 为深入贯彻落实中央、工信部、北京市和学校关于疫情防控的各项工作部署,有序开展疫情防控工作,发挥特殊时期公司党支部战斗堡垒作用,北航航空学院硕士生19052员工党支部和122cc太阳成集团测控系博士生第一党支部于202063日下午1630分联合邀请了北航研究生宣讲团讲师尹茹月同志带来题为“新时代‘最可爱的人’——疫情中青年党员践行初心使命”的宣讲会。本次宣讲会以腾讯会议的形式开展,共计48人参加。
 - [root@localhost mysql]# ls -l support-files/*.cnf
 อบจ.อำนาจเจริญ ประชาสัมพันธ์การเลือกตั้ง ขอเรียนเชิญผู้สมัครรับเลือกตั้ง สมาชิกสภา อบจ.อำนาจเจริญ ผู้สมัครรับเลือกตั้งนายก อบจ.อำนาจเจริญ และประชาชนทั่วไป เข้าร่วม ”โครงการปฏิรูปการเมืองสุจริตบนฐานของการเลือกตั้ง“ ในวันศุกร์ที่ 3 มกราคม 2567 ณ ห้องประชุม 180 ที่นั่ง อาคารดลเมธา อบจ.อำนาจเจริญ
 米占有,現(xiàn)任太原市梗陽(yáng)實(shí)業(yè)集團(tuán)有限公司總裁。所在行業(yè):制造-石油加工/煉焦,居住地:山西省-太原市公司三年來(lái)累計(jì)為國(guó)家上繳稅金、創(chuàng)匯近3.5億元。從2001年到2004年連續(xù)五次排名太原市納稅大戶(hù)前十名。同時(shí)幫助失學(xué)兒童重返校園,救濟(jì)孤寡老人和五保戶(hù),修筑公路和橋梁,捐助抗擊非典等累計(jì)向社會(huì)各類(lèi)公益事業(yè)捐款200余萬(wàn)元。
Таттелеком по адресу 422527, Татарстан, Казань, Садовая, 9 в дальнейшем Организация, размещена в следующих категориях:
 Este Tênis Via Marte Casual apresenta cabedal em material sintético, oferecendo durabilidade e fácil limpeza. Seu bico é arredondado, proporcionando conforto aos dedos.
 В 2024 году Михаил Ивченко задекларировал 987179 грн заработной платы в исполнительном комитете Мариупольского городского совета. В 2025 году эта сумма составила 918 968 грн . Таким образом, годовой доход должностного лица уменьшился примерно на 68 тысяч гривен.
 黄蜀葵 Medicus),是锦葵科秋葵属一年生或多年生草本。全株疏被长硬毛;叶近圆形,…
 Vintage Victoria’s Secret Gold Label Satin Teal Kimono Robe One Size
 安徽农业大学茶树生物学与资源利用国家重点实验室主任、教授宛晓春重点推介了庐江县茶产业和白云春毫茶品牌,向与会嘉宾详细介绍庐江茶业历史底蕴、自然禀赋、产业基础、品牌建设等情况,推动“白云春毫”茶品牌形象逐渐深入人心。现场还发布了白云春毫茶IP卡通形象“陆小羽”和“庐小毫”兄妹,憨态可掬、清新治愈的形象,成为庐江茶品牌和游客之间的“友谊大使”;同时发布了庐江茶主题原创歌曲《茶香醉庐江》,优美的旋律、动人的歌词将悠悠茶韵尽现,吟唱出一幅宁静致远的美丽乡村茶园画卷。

_____

- _Problem requirements_
Give back, word for word, only the lines from the one containing "Таттелеком по адресу" through the closing line of the entries.

- _Answer section_
Таттелеком по адресу 422527, Татарстан, Казань, Садовая, 9 в дальнейшем Организация, размещена в следующих категориях:
 Este Tênis Via Marte Casual apresenta cabedal em material sintético, oferecendo durabilidade e fácil limpeza. Seu bico é arredondado, proporcionando conforto aos dedos.
 В 2024 году Михаил Ивченко задекларировал 987179 грн заработной платы в исполнительном комитете Мариупольского городского совета. В 2025 году эта сумма составила 918 968 грн . Таким образом, годовой доход должностного лица уменьшился примерно на 68 тысяч гривен.
 黄蜀葵 Medicus),是锦葵科秋葵属一年生或多年生草本。全株疏被长硬毛;叶近圆形,…
 Vintage Victoria’s Secret Gold Label Satin Teal Kimono Robe One Size
 安徽农业大学茶树生物学与资源利用国家重点实验室主任、教授宛晓春重点推介了庐江县茶产业和白云春毫茶品牌,向与会嘉宾详细介绍庐江茶业历史底蕴、自然禀赋、产业基础、品牌建设等情况,推动“白云春毫”茶品牌形象逐渐深入人心。现场还发布了白云春毫茶IP卡通形象“陆小羽”和“庐小毫”兄妹,憨态可掬、清新治愈的形象,成为庐江茶品牌和游客之间的“友谊大使”;同时发布了庐江茶主题原创歌曲《茶香醉庐江》,优美的旋律、动人的歌词将悠悠茶韵尽现,吟唱出一幅宁静致远的美丽乡村茶园画卷。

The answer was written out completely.